Re: Kernel Stack Overflows

Jason Duerstock (jduersto@kendall.mdcc.edu)
Mon, 19 Feb 1996 10:01:53 -0500


On Sun, 18 Feb 1996, Linus Torvalds wrote:

> "Leonard N. Zubkoff": "Kernel Stack Overflows" (Feb 18, 1:40):
> > I'm becoming quite concerned about this whole issue of kernel stack overflows.
> > Is there any specification for how much stack space an interrupt handler is
> > allowed to use?
>
> Thanks to some good testing and debugging by Gerard Roudier we seem to
> have a handle on this problem. It wasn't an interrupt overflow at all,
> but a recursion in get_more_buffer_heads().

I tried Gerard's patch and it stopped the one kernel segmentation fault
from occurring, but it caused another one to occur. I came to the sudden
realization last night as to what might be causing my problems. I have
two 16 megabyte swap files on my root partition; I'm using the BSD NCR
driver, and I have 32 megs of RAM. The problems seem to come up when the
kernel tries to swap out memory. Things go like this:

1) BSD/NCR driver or buffer code calls get_free_page
2) get_free_page calls try_to_free_page because part of the free memory
pool has been used
3) try_to_free_page calls shrink_mmap, shm_swap, and/or swap_out
4) swap_out (or possibly one of the other calls) tries to swap back into
the file system
5) any calls to get_free_page from within the file system and/or buffer
code may send us back to #2

I'm not sure where things would go from here but it seems that there is a
pretty high chance the stack could overflow given this situation...

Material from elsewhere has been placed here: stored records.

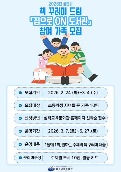 [메이저뉴스] 삼척교육문화관은 3월부터 6월까지 가족 단위 독서 문화를 장려하기 위하여 초등학생 자녀를 둔 가족을 대상으로 책 꾸러미 드림 ‘집으로 온(ON) 도서관’을 운영한다.
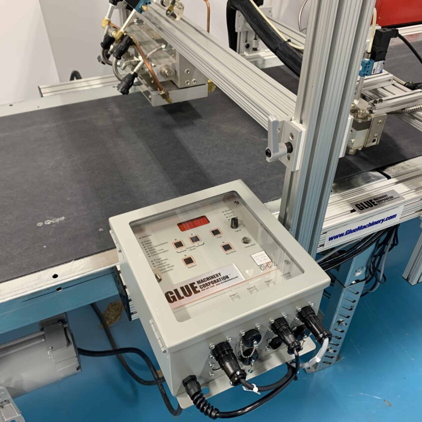 Glue Machinery Corporation builds and sells hot melt and cold glue machinery worldwide. Many of our customers equip their conveyors with our glue machinery to apply adhesive to substrates that pass under our applicators. After the glue application they then assemble parts downstream on or off the conveyor. We have determined that Glue Machinery Corporation should offer a complete package to include gluing system, pattern controls, adhesive and conveyor. The Glue Conveyor Assembly Line is simple to build and operate and is relatively inexpensive when compared to robotics. Customers place parts on the conveyor belt, convey them under the glue nozzles for a perfect glue pattern every time. The Glue Conveyor Assembly Line is offered with both hot melt and cold glue sytems. Hot melt can be extruded, swirled and fiberized. Water based cold glue can be extruded and sprayed.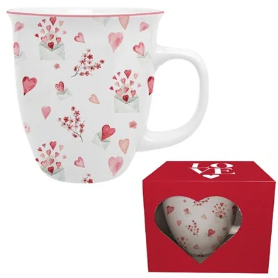 šálka, vhodná na valentína, so srdiečkami, darčekovo balená 650 ml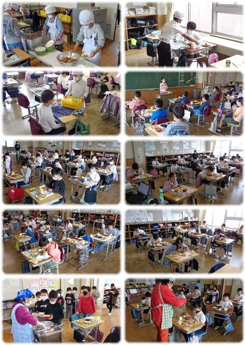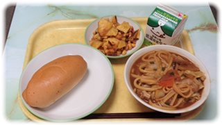 メニューは、…地物たっぷりみそ煮込みうどんとさつまビーンズ、小型玄米パン、そして牛乳です。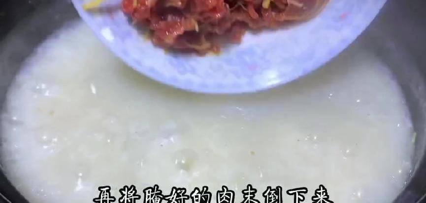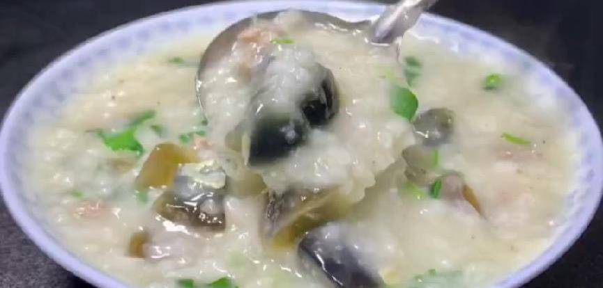 時間差不多瞭,現在大米已經完全煮熟,加入剩餘的薑絲,皮蛋,繼續用中小火煮5-6分鐘,調味加入食鹽,少許胡椒粉,一點雞精,用勺子攪拌一下將調味攪拌均勻。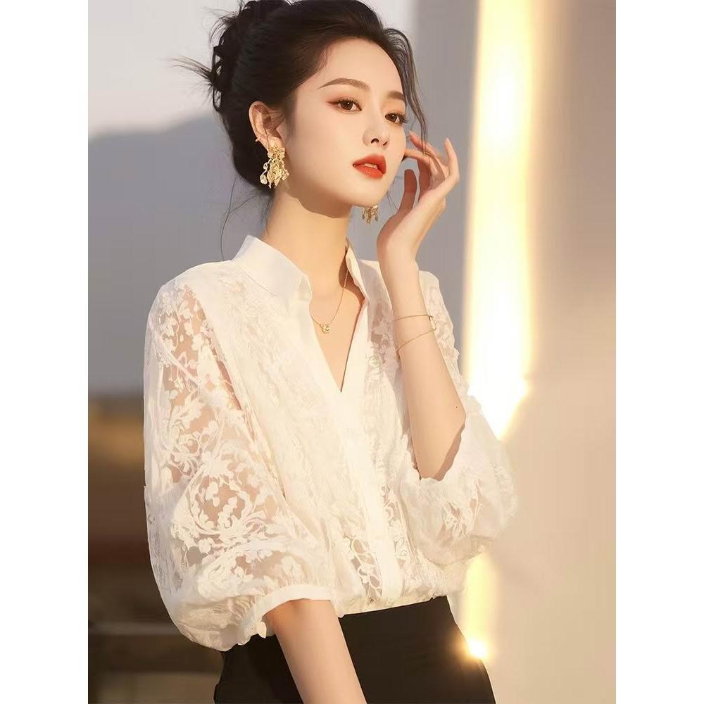 免運 今年流行獨特別致上衣輕奢高級感超好看減齡洋氣白色蕾絲襯衫春季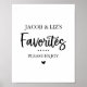 Comemore o amor em estilo com este moderno símbolo de favor do partido minimalista Favoritos — perfeito para casamentos, festas de noivado ou chás de panela. Projetado com linhas limpas e um layout de eterno, ele complementa lindamente qualquer tema elegante ou neutro de evento. Mostra para guiar os convidados aos favoritos para festas ou sobremesas escolhidos de forma cuidadosa.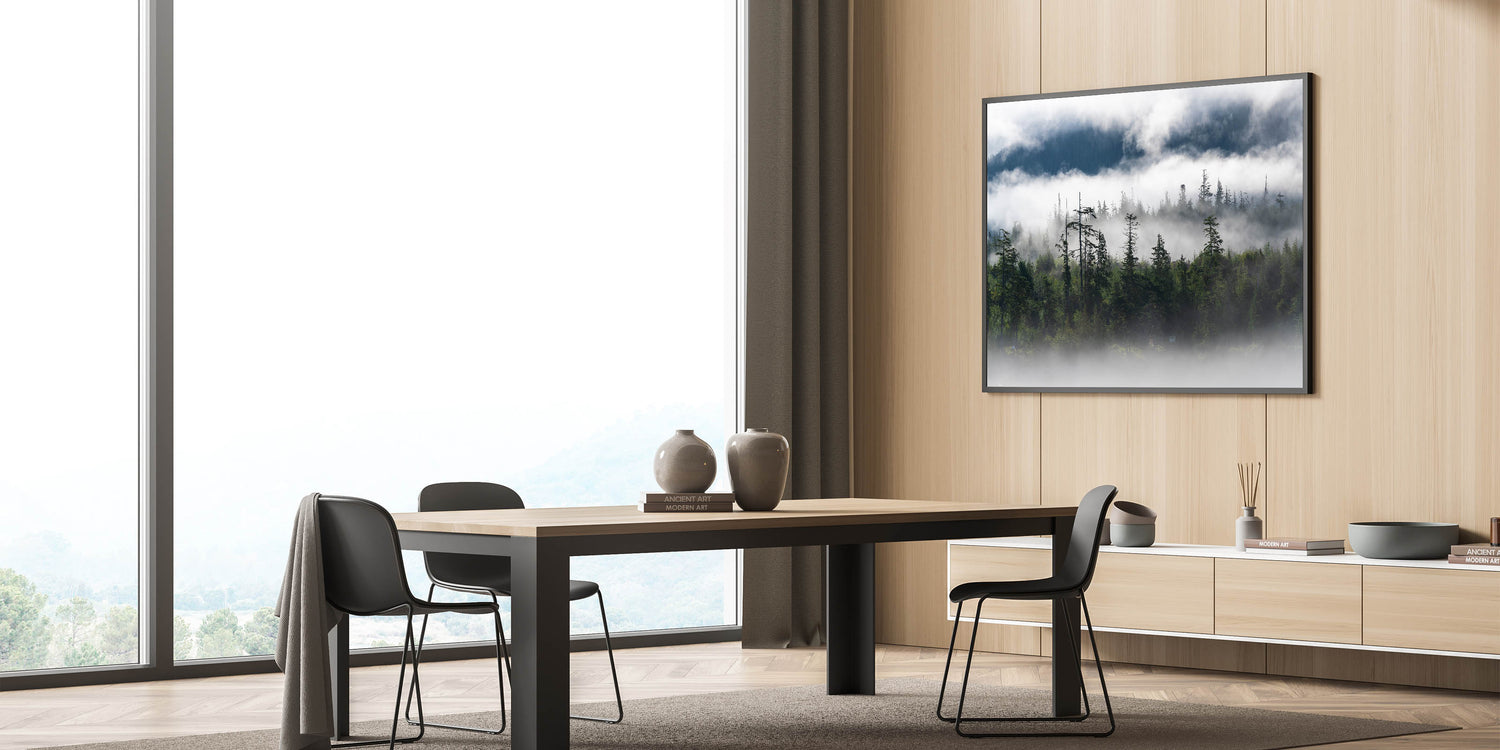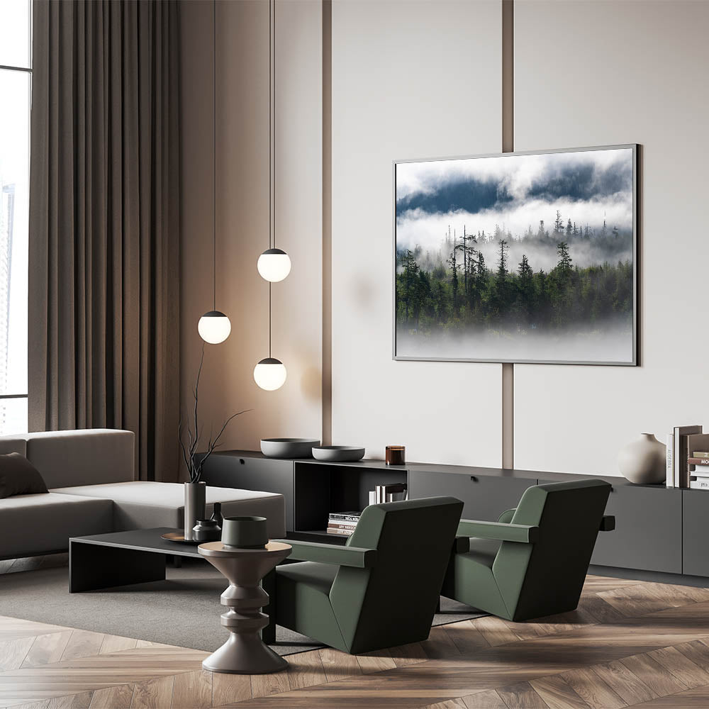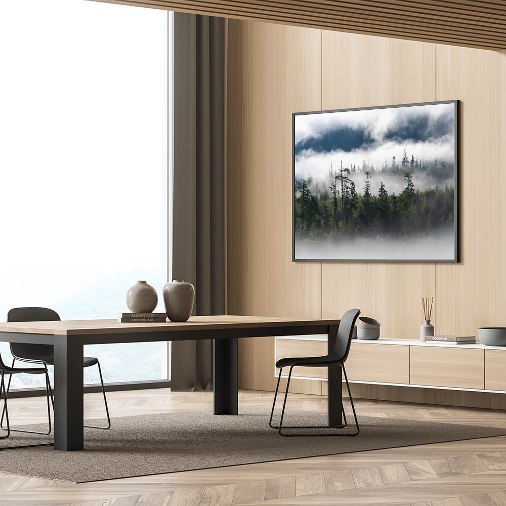 Transform your living space with the calming beauty of this Misty Landscape Art, capturing the ethereal essence of a foggy morning in a serene forest setting. The delicate mist that envelops the towering trees creates a tranquil atmosphere, perfect for adding a touch of nature’s quietude to any room.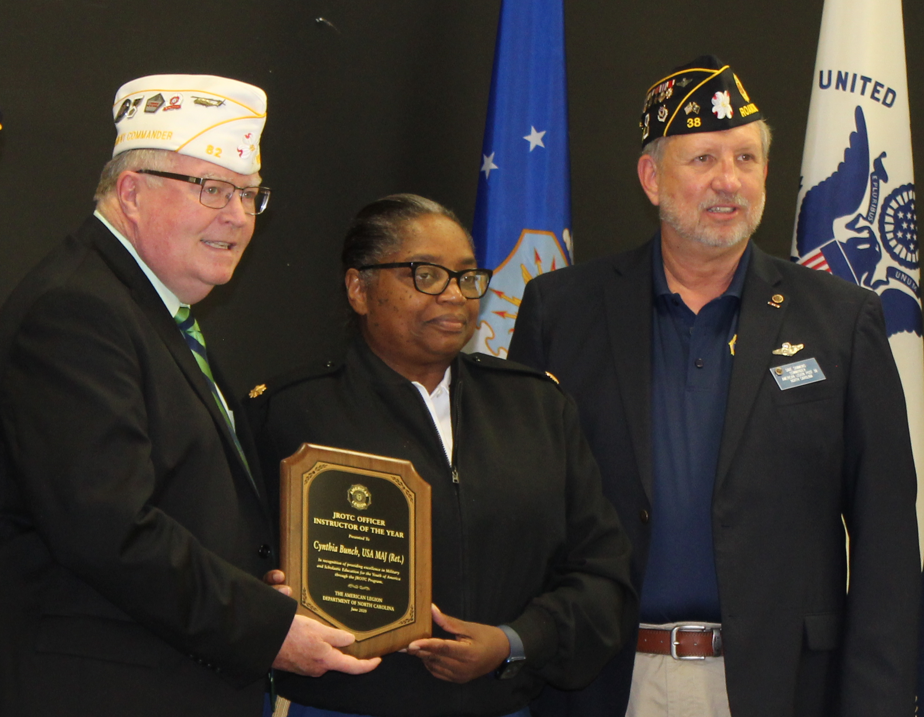 North Carolina American Legion Commander Jim Quinlan attended the Roanoke Rapids Shaw-May Post 38 meeting to present Roanoke Rapids High School Army JROTC Instructor Major Cynthia Bunch with the American Legion Department of North Carolina 2020 JROTC Officer Instructor of the Year Award.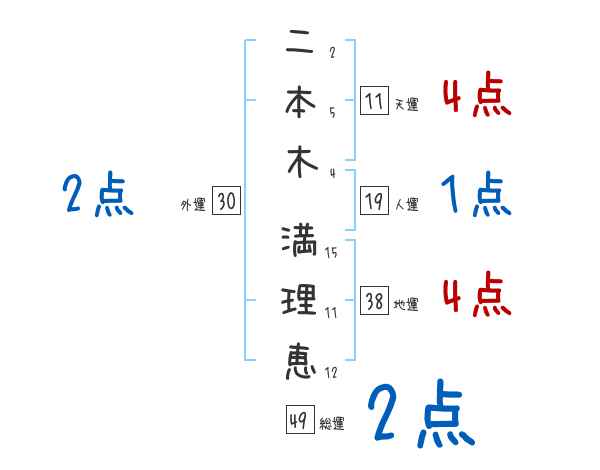 天運![]() | 二本木満理恵さんの天運は11画の4つ星!着実に富や地位を得る幸運な人生。 家系が持つ宿命的な運勢を表します。祖先から受け継いだ苗字ですので自分の力が及びません。家柄を象徴します。 |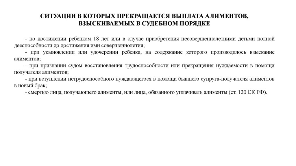 СИТУАЦИИ В КОТОРЫХ ПРЕКРАЩАЕТСЯ ВЫПЛАТА АЛИМЕНТОВ,ВЗЫСКИВАЕМЫХ В СУДЕБНОМ ПОРЯДКЕ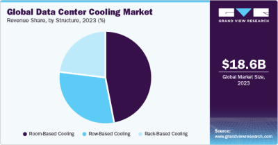 Rack, row, and room-based cooling are the major cooling types by structure. Of the three, room-based cooling captured a significant share in 2023 and the segment is expected to grow at a CAGR exceeding 15.0% from 2024 to 2030. The room-based cooling technique has become a widely used technique, resulting in a higher market share. The method is popular as it maintains adequate temperature by continuously mixing hot & cold air, ensuring the prevention of hot spots.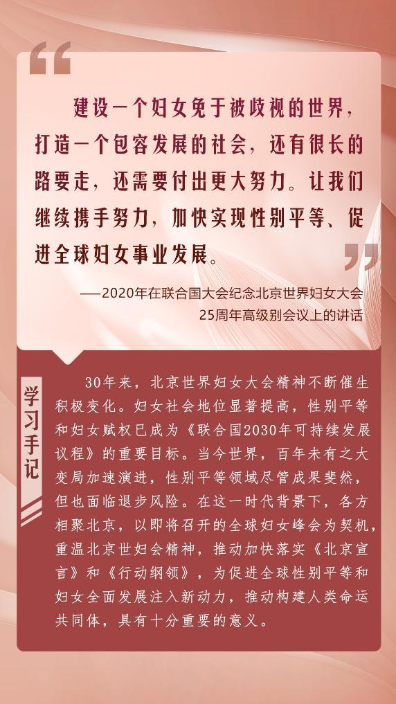 在全球婦女峰會即將舉行之際,我們重溫習近平總書記的重要論述,共同展望婦女發(fā)展的美好未來,期待全球婦女事業(yè)發(fā)展譜寫新的絢爛篇章。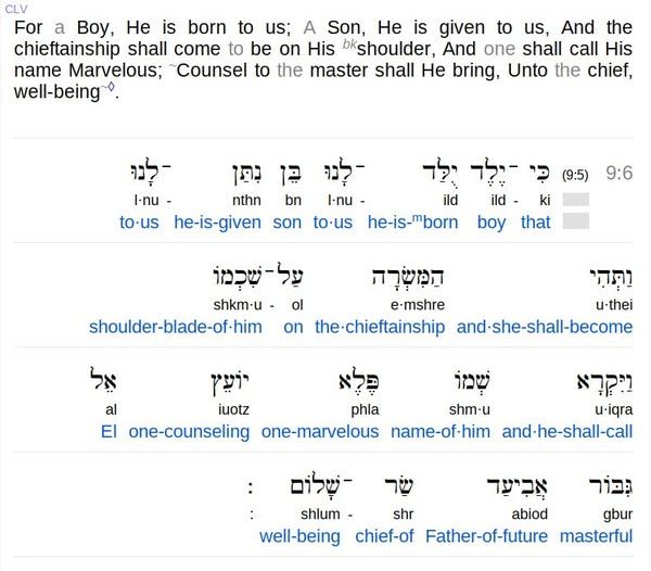 In Jewish interpretations, particularly those from rabbinic or scholarly traditions, the verse is sometimes rendered differently, emphasizing that the "names" are actually a descriptive sentence about God rather than a list of titles for the child.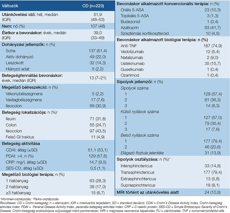 A leggyakoribb lokalizáció az ileocolon (43,5%) volt, és a betegek 40,7%-a korábban már átesett bélreszekción. A kohorsz többsége (91,5%) a kiindulási időpontban klinikai remisszióban volt. Emellett a betegek 41,7%-ánál alkalmaztak immunmodulátort, míg több mint háromnegyedük anti-TNF-kezelésben részesült. A betegek 57,4%-ának felvételkor egy sipolyjárata volt; a sipolyjáratok többsége transsphinctericus lokalizációjú volt. Elágazó sipolyjáratokat az esetek 13,9%-ában regisztráltak. A betegek több mint felénél a PDAI-pontszám <4 volt (57,8%). A klinikai és demográfiai alap adatokat az 1. táblázat tartalmazza.

I'm sorta getting the "driving without a clue" feeling, so any or all of
my theory above about what is going on may be wrong, but...I hope I'm
headed in the right direction and I'd REALLY like to get this problem
fixed. I'll post some of my crashes here as soon as I get to it...our
router has been broked over the weekend so I have some catching up to do.